Finance

It appears most ETF investors aren’t cashing out of technology despite this year’s painful losses.

The widely-held ARK Innovation ETF and the Technology Select Sector SPDR Fund, down 59% and 25% respectively this year, aren’t showing meaningful outflows so far this year.

Invesco’s Anna Paglia lists a reason: Investors are more loyal to the idea of growth than to the market’s near-term swings.

“You do not assess the growth of companies based on what’s happening today, [and] what’s going to happen next month,” the firm’s global head of ETFs and indexed strategies told CNBC’s “ETF Edge” last week. “You assess growth based on what you think is going to happen in five years or 10 years.”

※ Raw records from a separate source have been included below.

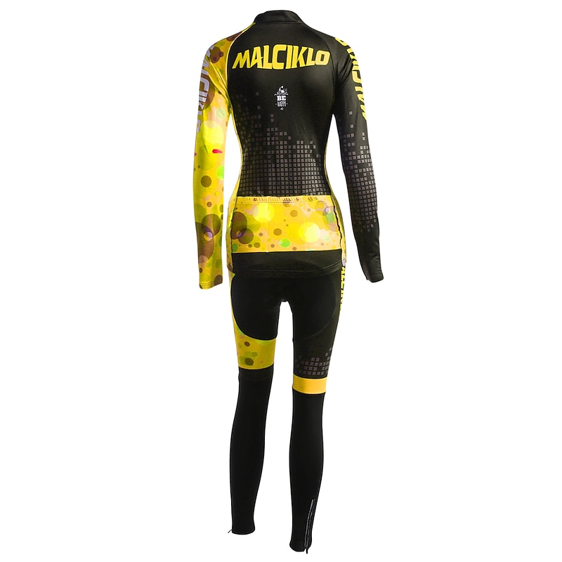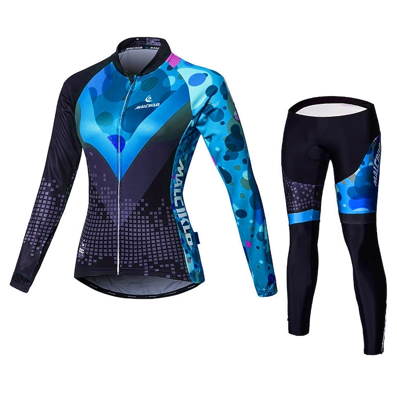 Malciklo Women's Cycling Jersey with Tights Long Sleeve Mountain Bike MTB Road Bike Cycling Fall Winter Yellow Red Blue British Plus Size Bike Fleece Lining Fleece Velvet Lycra Sports Patterned 17
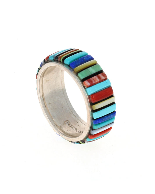 Zuni jewelry is known for using many small stones arranged in careful patterns to create detailed pieces. The fine stonework typically features carefully cut and polished stones set in delicate silverwork. The Zuni often build up complex designs through their precise inlay, petit point, or needlepoint work.
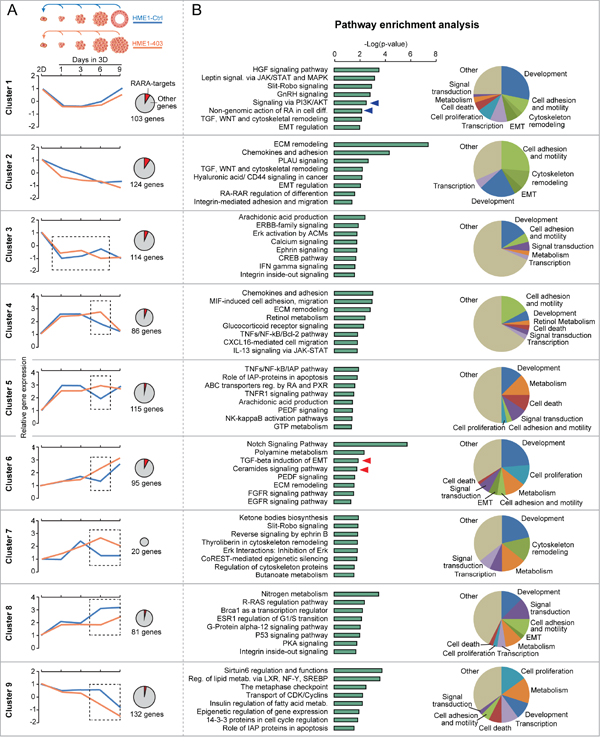 Figure 6: Bioinformatics analysis sheds light on the dynamics of RARA-regulated signaling pathways during 3D mammary epithelial morphogenesis. A. Comparison of the RNA-seq profile of HME1Ctrl acini at 1, 3, 6, and 9 days of 3D morphogenesis relative to cells grown in 2D culture identifies clusters of genes (including RARA-targets, see red portion of the pie charts) with similar expression trend during 3D morphogenesis (blue lines). The expression of many of these genes is significantly (p<0.05) different at specific stages (dotted squares) of 3D HME1403 aberrant morphogenesis (orange lines). B. According to Metacore pathway enrichment analysis, these gene clusters are significantly (p<0.05) associated with specific signaling pathways (left) involved in diverse cellular functions (pie charts on the right), including pathways modulated by RARA transcriptional (red arrows) and non-transcriptional (blue arrows) functions. Statistical analysis as reported in Supplementary Materials and Methods.
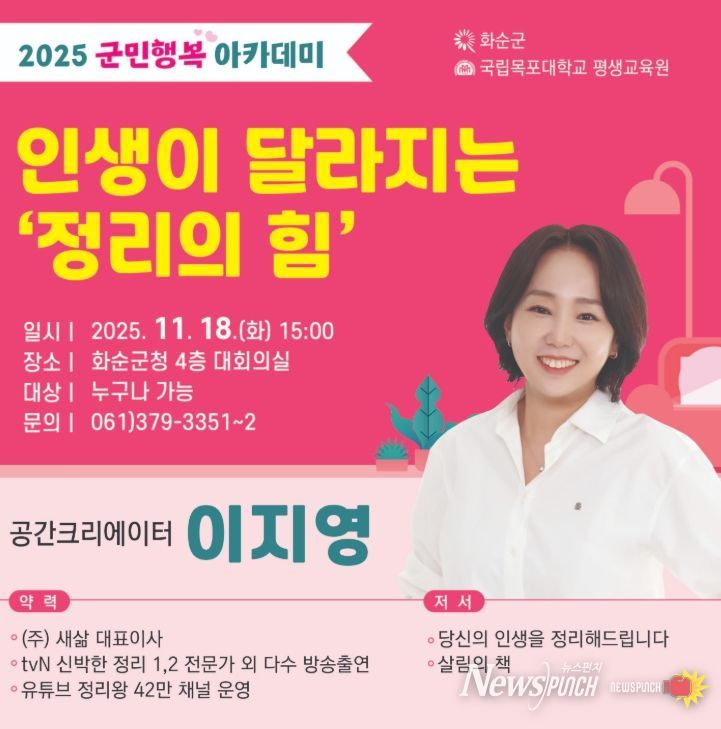 뉴스펀치 김길룡 기자 | 화순군은 오는 11월 18일 오후 3시, 화순군청 4층 대회의실에서 2025 군민행복 아카데미 9회차 강연을 개최한다고 밝혔다.

The Nasdaq rallied almost 3% on Friday — climbing more than 2% for the week during a heavy part of earnings season. The tech-heavy index staged a comeback despite Amazon‘s rough performance following Thursday’s quarterly earnings and guidance.

The Nasdaq is still almost 32% from its record high hit last November.

Yet many big volume ETFs including the Proshares Ultrapro QQQ, which tracks the Nasdaq 100, are also holding on to investors. It’s down 74% so far this year.

VettaFi’s Dave Nadig believes future growth prospectics are keeping investors interested. The short and leveraged QQQs in the ETF space have been “stalwarts for volume” ever since launching, according to Nadig.

“We can turn to the QQQ as a perfect example here. The people who are trading short Qs and leverage Qs are not doing that because they’re looking for a more efficient beta for their retirement plan. They’re doing that because they’re making a call in tech,” the firm’s financial futurist said.